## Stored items
BEGIN

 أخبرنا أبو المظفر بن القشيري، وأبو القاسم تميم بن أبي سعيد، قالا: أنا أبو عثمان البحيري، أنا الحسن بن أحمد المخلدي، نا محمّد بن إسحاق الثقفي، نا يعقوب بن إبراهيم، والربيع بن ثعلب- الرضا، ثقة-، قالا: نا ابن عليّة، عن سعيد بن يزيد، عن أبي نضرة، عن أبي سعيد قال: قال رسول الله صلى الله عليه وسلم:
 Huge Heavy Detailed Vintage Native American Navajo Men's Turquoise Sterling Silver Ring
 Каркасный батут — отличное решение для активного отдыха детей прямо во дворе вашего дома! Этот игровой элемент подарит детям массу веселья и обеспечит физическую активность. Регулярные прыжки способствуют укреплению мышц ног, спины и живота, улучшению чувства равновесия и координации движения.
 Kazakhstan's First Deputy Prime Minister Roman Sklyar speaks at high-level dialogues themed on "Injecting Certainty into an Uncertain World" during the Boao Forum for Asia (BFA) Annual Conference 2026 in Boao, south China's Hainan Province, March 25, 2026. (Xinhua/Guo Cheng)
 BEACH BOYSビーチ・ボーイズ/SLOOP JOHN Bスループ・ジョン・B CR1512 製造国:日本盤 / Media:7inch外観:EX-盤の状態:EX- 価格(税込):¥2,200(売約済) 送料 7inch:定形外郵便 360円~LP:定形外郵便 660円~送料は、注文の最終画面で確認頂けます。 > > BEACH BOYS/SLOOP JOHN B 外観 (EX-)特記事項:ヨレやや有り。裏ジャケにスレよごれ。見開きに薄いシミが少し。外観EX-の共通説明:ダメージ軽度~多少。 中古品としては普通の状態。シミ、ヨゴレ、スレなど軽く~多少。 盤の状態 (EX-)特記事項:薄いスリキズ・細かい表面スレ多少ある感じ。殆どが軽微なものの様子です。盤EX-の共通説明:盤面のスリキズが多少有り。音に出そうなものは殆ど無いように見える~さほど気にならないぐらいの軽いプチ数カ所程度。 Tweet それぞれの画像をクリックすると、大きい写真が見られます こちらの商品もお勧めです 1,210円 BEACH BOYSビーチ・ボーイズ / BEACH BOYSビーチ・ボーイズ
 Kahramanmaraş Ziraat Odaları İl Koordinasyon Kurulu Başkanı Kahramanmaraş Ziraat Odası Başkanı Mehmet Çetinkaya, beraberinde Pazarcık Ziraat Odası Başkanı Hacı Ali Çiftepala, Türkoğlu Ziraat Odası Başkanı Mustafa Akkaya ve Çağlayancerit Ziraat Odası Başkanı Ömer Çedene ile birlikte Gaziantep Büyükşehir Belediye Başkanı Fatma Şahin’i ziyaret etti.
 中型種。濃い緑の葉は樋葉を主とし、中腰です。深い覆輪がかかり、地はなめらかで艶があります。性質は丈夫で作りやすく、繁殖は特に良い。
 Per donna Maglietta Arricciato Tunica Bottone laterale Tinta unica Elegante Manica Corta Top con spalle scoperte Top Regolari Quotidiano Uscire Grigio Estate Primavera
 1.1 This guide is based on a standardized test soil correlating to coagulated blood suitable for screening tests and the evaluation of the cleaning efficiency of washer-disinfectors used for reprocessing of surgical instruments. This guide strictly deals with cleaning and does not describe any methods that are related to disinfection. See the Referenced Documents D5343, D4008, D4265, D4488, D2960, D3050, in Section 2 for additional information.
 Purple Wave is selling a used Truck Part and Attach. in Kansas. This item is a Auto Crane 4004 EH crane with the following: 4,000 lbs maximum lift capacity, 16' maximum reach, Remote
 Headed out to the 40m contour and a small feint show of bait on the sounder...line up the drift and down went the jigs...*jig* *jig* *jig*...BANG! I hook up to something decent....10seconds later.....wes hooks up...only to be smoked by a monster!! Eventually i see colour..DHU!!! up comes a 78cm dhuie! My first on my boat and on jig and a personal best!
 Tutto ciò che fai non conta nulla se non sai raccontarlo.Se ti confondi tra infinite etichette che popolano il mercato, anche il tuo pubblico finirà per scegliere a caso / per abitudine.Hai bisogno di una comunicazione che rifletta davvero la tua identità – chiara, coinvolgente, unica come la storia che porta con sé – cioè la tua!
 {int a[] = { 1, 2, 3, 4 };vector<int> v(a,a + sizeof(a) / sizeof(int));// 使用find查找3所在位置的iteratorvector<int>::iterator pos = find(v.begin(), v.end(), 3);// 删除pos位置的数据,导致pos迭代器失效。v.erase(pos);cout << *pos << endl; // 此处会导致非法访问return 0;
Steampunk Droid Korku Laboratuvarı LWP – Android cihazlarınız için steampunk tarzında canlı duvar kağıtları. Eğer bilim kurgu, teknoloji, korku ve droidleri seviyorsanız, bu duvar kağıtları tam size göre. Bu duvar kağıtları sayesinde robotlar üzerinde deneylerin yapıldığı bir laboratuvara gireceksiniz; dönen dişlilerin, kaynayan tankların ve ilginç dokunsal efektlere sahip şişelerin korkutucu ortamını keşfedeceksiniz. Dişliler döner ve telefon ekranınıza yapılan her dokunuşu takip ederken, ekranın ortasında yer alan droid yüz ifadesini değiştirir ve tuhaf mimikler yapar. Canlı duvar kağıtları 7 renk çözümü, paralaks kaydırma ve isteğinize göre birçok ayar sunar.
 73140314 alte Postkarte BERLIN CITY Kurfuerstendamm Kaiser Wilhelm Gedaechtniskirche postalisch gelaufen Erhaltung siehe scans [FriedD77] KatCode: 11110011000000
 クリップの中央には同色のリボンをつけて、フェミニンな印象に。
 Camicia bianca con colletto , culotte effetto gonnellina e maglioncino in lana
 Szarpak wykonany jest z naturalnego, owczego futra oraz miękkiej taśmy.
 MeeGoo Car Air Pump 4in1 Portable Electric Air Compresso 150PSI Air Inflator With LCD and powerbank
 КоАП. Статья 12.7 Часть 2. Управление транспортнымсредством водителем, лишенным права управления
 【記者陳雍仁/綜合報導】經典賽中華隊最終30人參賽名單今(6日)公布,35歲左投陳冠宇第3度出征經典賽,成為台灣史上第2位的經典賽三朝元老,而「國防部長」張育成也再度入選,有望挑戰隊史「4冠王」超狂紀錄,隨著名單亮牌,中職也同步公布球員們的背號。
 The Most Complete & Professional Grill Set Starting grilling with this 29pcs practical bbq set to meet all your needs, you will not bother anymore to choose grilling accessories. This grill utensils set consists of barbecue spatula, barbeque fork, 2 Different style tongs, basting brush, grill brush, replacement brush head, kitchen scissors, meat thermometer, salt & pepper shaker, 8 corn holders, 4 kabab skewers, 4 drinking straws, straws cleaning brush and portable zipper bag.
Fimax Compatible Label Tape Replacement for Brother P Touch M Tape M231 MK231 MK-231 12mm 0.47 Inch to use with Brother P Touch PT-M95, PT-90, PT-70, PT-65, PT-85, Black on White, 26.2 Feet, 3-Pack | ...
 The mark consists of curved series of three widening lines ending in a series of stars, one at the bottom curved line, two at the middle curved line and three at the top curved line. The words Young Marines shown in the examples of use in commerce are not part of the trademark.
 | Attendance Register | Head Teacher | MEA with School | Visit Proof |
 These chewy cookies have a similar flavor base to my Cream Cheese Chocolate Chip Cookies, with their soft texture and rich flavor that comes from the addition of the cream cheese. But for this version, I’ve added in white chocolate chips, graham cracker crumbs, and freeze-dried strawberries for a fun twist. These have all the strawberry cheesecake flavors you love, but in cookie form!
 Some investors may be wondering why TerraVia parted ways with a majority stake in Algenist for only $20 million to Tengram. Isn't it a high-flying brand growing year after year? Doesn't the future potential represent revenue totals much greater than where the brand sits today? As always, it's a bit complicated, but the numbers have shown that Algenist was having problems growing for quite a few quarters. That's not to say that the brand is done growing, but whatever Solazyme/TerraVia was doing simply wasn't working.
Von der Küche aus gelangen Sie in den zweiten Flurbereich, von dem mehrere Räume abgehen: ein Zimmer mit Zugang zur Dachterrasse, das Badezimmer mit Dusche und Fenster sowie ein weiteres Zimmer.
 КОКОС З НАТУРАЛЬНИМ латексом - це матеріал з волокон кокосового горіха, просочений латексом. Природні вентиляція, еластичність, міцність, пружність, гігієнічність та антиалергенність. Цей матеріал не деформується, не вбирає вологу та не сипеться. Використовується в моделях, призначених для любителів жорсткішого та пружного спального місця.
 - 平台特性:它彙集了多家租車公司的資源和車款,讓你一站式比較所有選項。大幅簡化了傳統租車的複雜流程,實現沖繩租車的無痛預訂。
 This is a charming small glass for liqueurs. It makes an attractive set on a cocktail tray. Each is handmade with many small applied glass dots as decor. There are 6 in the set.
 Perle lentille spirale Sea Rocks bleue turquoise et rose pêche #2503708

END

## Instructions to follow
Copy range, inclusive: the line holding "Huge Heavy Detailed" to the line holding "Каркасный батут —". Reproduce exactly those lines of the records above and no others.

## Task response
 Huge Heavy Detailed Vintage Native American Navajo Men's Turquoise Sterling Silver Ring
 Каркасный батут — отличное решение для активного отдыха детей прямо во дворе вашего дома! Этот игровой элемент подарит детям массу веселья и обеспечит физическую активность. Регулярные прыжки способствуют укреплению мышц ног, спины и живота, улучшению чувства равновесия и координации движения.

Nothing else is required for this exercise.